Судьба культуры русской определяется на наших глазах. В наши дни «вопрос о нашей самостоятельности» (выражение Григорьева) встал перед нами в столь ярком блеске, что отвернуться от него уже невозможно. Мне кажется общим местом то, что русская культура со смерти Пушкина была в загоне, что действительное внимание к ней пробудилось лишь в конце прошлого столетия, при первых лучах нового русского возрождения. Если в XIX столетии все внимание было обращено в одну сторону – на русскую общественность и государственность, – то лишь в XX веке положено начало пониманию русского зодчества, русской живописи, русской философии, русской музыки и русской поэзии. У нас еще не было времени дойти до таких сложных явлений нашей жизни, как явление Аполлона Григорьева. Зато теперь, когда твердыни косности и партийности начинают шататься под неустанным напором сил и событий, имеющих всемирный смысл, – приходится уделить внимание явлениям, не только стоящим под знаком «правости» и «левости»; на очереди – явления более сложные, соединения, труднее разложимые, люди, личная судьба которых связана не с одними «славными постами», но и с «подземным ходом гад» и «прозябаньем дольней лозы». В судьбе Григорьева, сколь она ни «человечна» (в дурном смысле слова), все-таки вздрагивают отсветы Мировой Души; душа Григорьева связана с «глубинами», хоть и не столь прочно и не столь очевидно, как душа Достоевского и душа Владимира Соловьева.
Убитый Грибоедов, убитый Пушкин. Точно знак того, что рано еще было тогда воздвигать здание, фундамент которого был заложен и сразу же засыпан, запорошен мусором. Грибоедов и Пушкин заложили твердое основание зданию истинного просвещения. Они погибли. На смену явилось шумное поколение сороковых годов во главе с В. Белинским, «белым генералом русской интеллигенции». Наследие Грибоедова и Пушкина, Державина и Гоголя было опечатано; Россия «петровская» и «допетровская» помечена известным штемпелем. Белинский, служака исправный, торопливо клеймил своим штемпелем все, что являлось на свет божий. Весьма торопливо был припечатан и Аполлон Григорьев, юношеский голос которого прозвучал впервые через шесть лет после смерти Пушкина. Оценка деятельности Белинского и его соратников еще впереди; меня она занимает лишь по отношению к Григорьеву; отмечу только, что русское возрождение успело расшатать некоторые догматы интеллигентской религии, и Белинский уже не всем кажется лицом неприкосновенным.

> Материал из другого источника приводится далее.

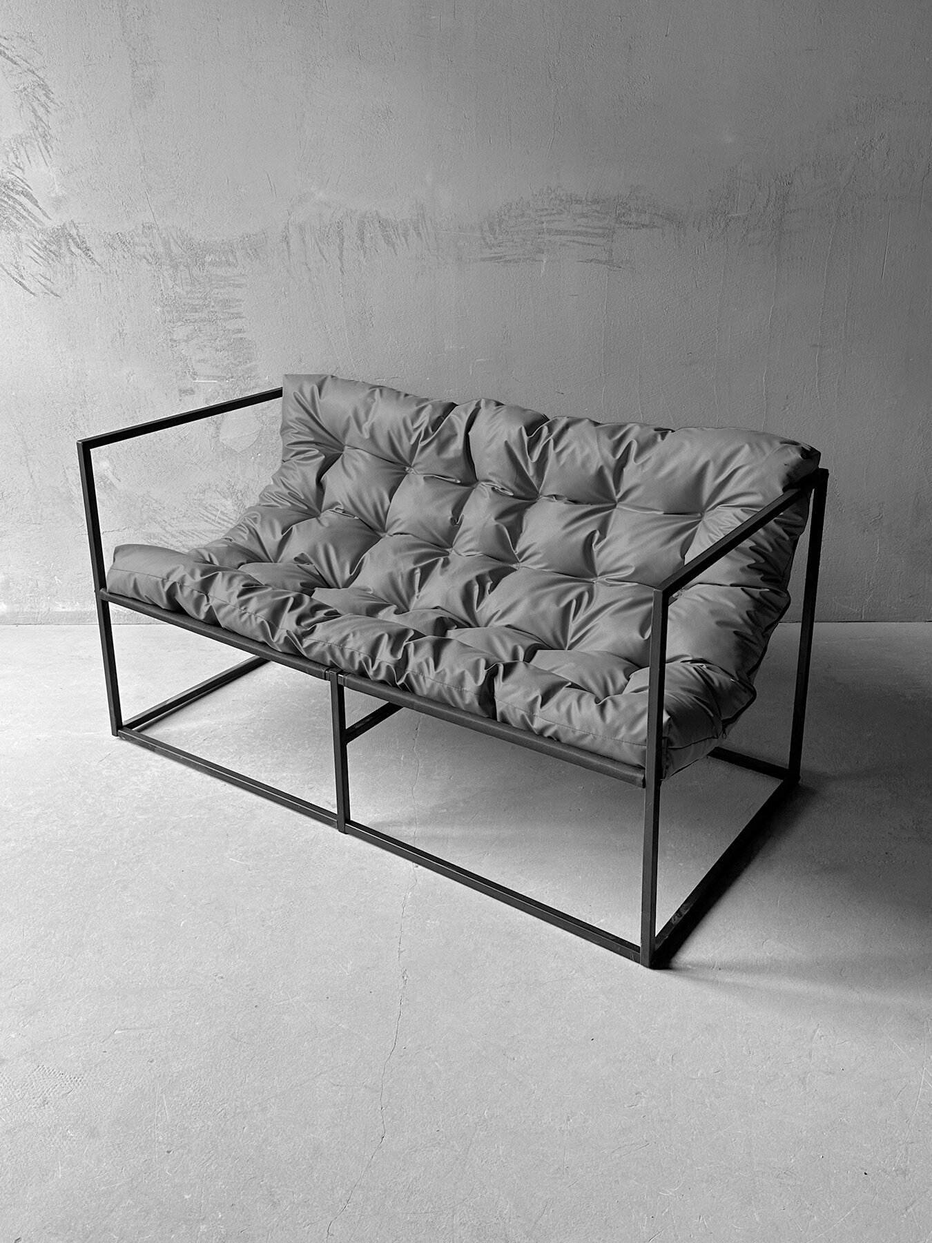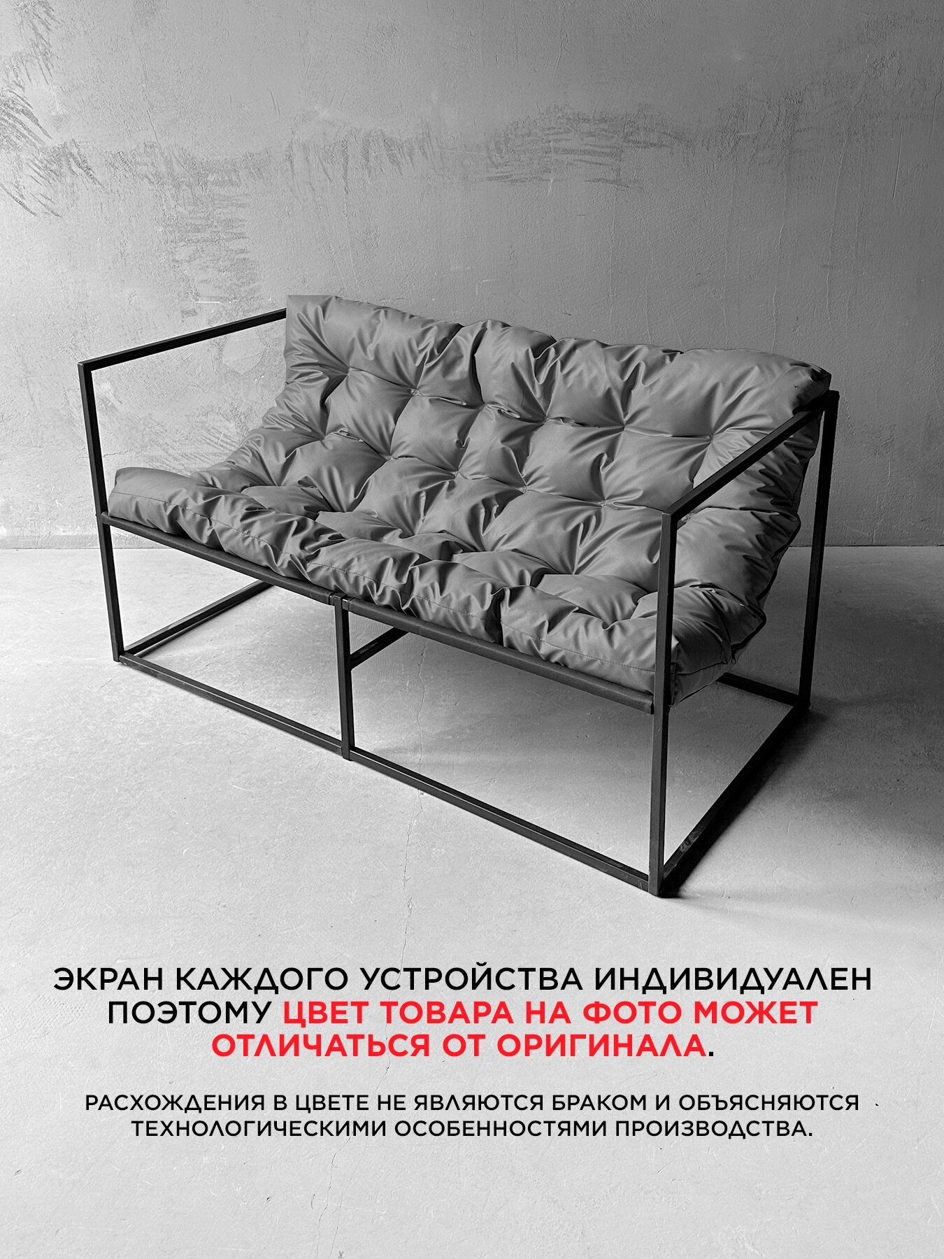 Диван "Лофтовик" выполнен в стиле Лофт, который характеризуется лаконичностью линий и оригинальностью. Металлический каркас обеспечивает прочность и устойчивость, а порошковое окрашивание гарантирует долгий срок службы. Максимальная нагрузка на диван составляет 200 кг, что делает его надежным и долговечным.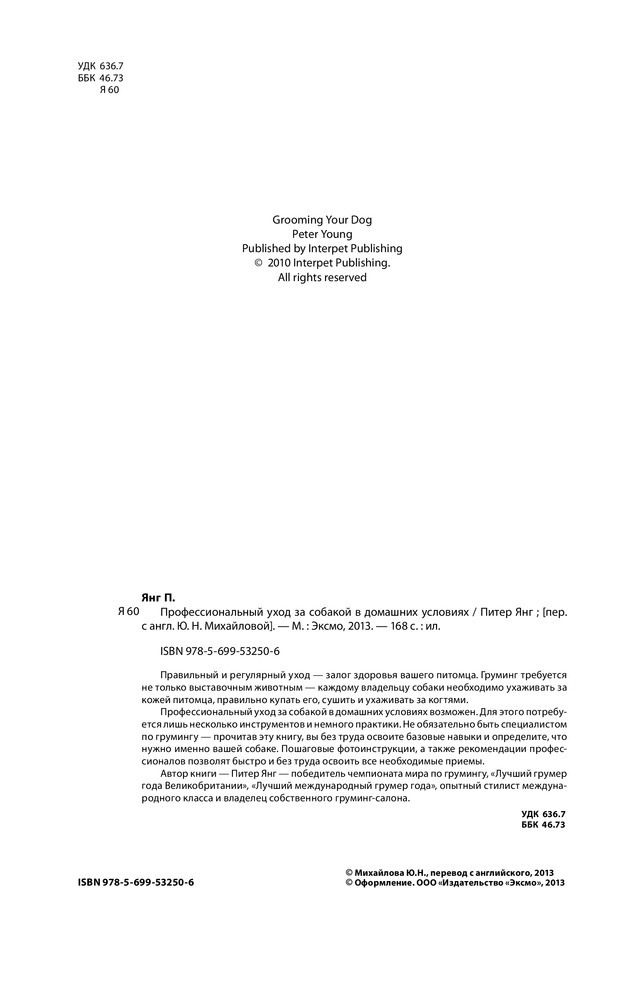 Автор книги — Питер Янг — победитель чемпионата мира по грумингу, «Лучший грумер года Великобритании», «Лучший международный грумер года», опытный стилист международного класса и владелец собственного груминг-салона. |

Худо ли, хорошо ли и по причинам, все равно каким, Григорьев был припечатан и, следовательно, не попал в интеллигентский «лубок»; в тот лубок, где Белинский занимает место «белого генерала». Поглумились над Григорьевым в свое время и Добролюбов, и Чернышевский, и их присные. Как при жизни, так и после смерти Григорьева о глубоких и серьезных его мыслях рассуждали всё больше с точки зрения «славянофильства» и «западничества», «консерватизма» и «либерализма», «правости» и «левости». В двух соснах и блуждали до конца века; а как эти мерила к Григорьеву неприложимы, понимание его и не подвигалось вперед. В конце столетия, когда обозначилось новое веяние, Григорьева стали помаленьку распечатывать. Долгое время почтенные критики находили его «странным» (другого слова многие из них – увы! – до сих пор не могут придумать). Он
…странен? – А не странен кто ж?
Тот, кто на всех глупцов похож!
Все-таки в григорьевской душе копались. Ив. Иванов на сотне страниц ругался; А. Волынский, со свойственной ему «импрессионистской смелостью», набросал портрет.
Наконец, в самое последнее время стали появляться довольно конфузные (для предыдущих критиков) статьи. В одной из них[1] говорится о том, что Григорьев «во многом повторял приемы Гете и Шеллинга, Карлейля и Эмерсона, Ренана и Гюго, предвосхитил Бергсона и Зиммеля, и потому в русской критике первенство его вне всякого сомнения». Не знаю, много ли это для русского мыслителя – «предвосхитить Бергсона и Зиммеля»; только в устах автора статьи это – большая похвала.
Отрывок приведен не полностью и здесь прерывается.